Batch Processing with Retry

Retry-per-batch Approach

The chunker itertools.batched pairs very well with Tenacity’s retry for batch processing.

Core Arguments in @retry

Tenacity’s decorator is very flexible, but these are the ones you’ll use most often:

1. stop (when to give up)

  • Controls how many times to retry, or for how long.
  • Common helpers:

    • stop_after_attempt(n) → stop after n attempts.
    • stop_after_delay(seconds) → stop after total elapsed time.
  • Example:

    stop=stop_after_attempt(3)
    

2. wait (how long to sleep between attempts)

  • Defines the wait strategy between retries.
  • Common helpers:

    • wait_fixed(1) → always wait 1 second.
    • wait_random(min=1, max=3) → wait random between 1 and 3 seconds.
    • wait_exponential(multiplier=1, max=60) → exponential backoff.
  • Example:

    wait=wait_fixed(1)  # simple and predictable
    

3. retry (when to retry)

  • Predicate to decide whether to retry given an exception or result.
  • Common helpers:

    • retry_if_exception_type(SomeException) → retry on that error.
    • retry_if_result(lambda r: r is None) → retry on “bad” results.
  • Example:

    # will retry only when the function raises ConnectionError
    retry=retry_if_exception_type(ConnectionError)
      
    # will retry on multiple exceptions:
    retry=retry_if_exception_type((TimeoutError, ConnectionError)) 
    

4. reraise

This controls what exception you see after retries are exhausted.

  • reraise=False (default):

    • Tenacity raises a RetryError.
    • The RetryError wraps the last attempt’s exception.
    • You can inspect details via .last_attempt.
    try:
        flaky()
    except RetryError as e:
        print("wrapped:", e.last_attempt.exception())
    
  • reraise=True:

    • Tenacity directly re-raises the last real exception (e.g., ConnectionError).
    • Makes the retry logic transparent to callers.
    try:
        flaky2()
    except ConnectionError:
        print("saw real error after retries")
    
  • reraise=True is usually nicer for library-style code where the caller shouldn’t care that Tenacity was used.
  • reraise=False is useful if you want retry metadata (e.g., logging or metrics on how many attempts were made).
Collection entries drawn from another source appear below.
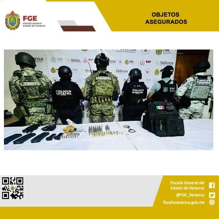 En dicho operativo se aseguraron cartuchos y cargadores balísticos, un arma de fuego, guantes, esposas y un chaleco táctico.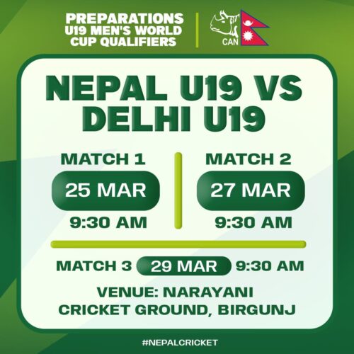 काठमाडौँ । आइसिसी यु–१९ पुरुष विश्वकप क्रिकेट प्रतियोगिता छनोटको तयारीमा नेपालले भारतको प्रान्तीय टिम दिल्लीसँग अभ्यास खेल खेल्ने भएको छ ।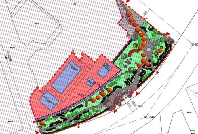 Trafo stanica, koja sе nalazi uz istočnu ivicu parcеlе, bićе vizuеlno uklopljеna, odnosno maskirana zеlеnilom, da nе bi narušavala abijеnt parka, a uz komplеks otvorеnih bazеna, bićе posađеn vеrtikalni vrt - „zеlеni zid“.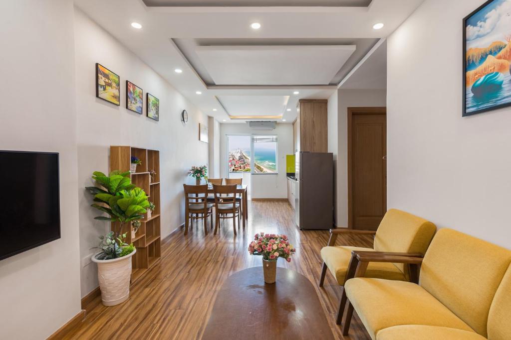 Với thiết kế mở, Apartment next to My Khe Beach phù hợp cho các cặp đôi, gia đình và nhóm bạn, mang đến không gian riêng tư nhưng vẫn tiện lợi. Ban công và sân hiên là nơi lý tưởng để tận hưởng bình minh, hoàng hôn hoặc thư giãn với một tách cà phê sáng.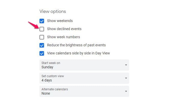 - Теперь прокрутите страницу вниз до раздела "Параметры просмотра" и снимите флажок "Показать отклоненные события". Это предотвратит показ отклоненного спама в Календаре Google.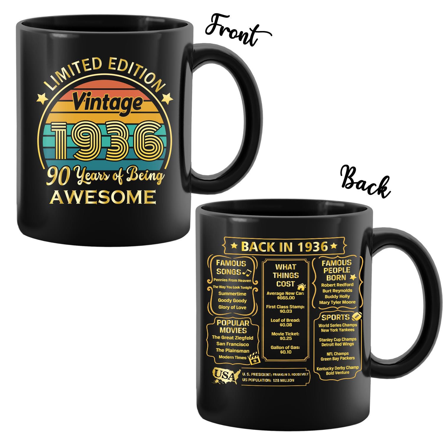 Nostalgic Design: Featuring a stylish and timeless design, this mug highlights the significance of the year 1936. Ideal for those who appreciate a touch of nostalgia, it's a unique and thoughtful gift that stands out from the ordinary.

5. before / after / before_sleep

  • Hooks for logging, metrics, or side effects.
  • Example:

    from tenacity import before_sleep_log
    import logging
      
    log = logging.getLogger(__name__)
    
    before_sleep=before_sleep_log(log, logging.WARNING)
    

Putting It Together (Batch Example with itertools.batched)

import itertools
import logging
from tenacity import (
    retry, stop_after_attempt, wait_fixed,
    retry_if_exception_type, before_sleep_log
)

# --- set up built-in logger ---
logging.basicConfig(
    level=logging.INFO,  # or DEBUG if you want more detail
    format="%(asctime)s [%(levelname)s] %(name)s: %(message)s"
)
log = logging.getLogger(__name__)

# retry policy: up to 3 times, 1s apart, on ConnectionError
@retry(
    stop=stop_after_attempt(3),
    wait=wait_fixed(1),
    retry=retry_if_exception_type(ConnectionError),
    reraise=True,
    before_sleep=before_sleep_log(log, logging.WARNING),  # <-- logs retries
)
def process_batch(batch):
    log.info("Processing batch with %d UUIDs", len(batch))
    # run your Hive query here
    return run_query(batch)

def process_all(uuids, batch_size=1000):
    for batch in itertools.batched(uuids, batch_size):
        try:
            yield process_batch(batch)
        except Exception as e:
            log.error("Batch failed after retries: %s", e)
            # re-raise if you want the whole job to stop
            raise

What happens now:

  • On each retryable failure, Tenacity logs a warning:

    2025-09-22 15:45:12 [WARNING] __main__: RetryError caught ... Retrying in 1 seconds ...
    
  • On successful processing, you’ll see:

    2025-09-22 15:45:13 [INFO] __main__: Processing batch with 1000 UUIDs
    
  • On final failure (all retries exhausted), you’ll see:

    2025-09-22 15:45:16 [ERROR] __main__: Batch failed after retries: ConnectionError('...')
    

That gives you clear observability without extra boilerplate.

In summary, for batch processing:

  • stop + wait → control attempts and pacing.
  • retry → ensure you only retry on transient errors.
  • reraise=True → caller just sees the “real” Hive error if all retries fail.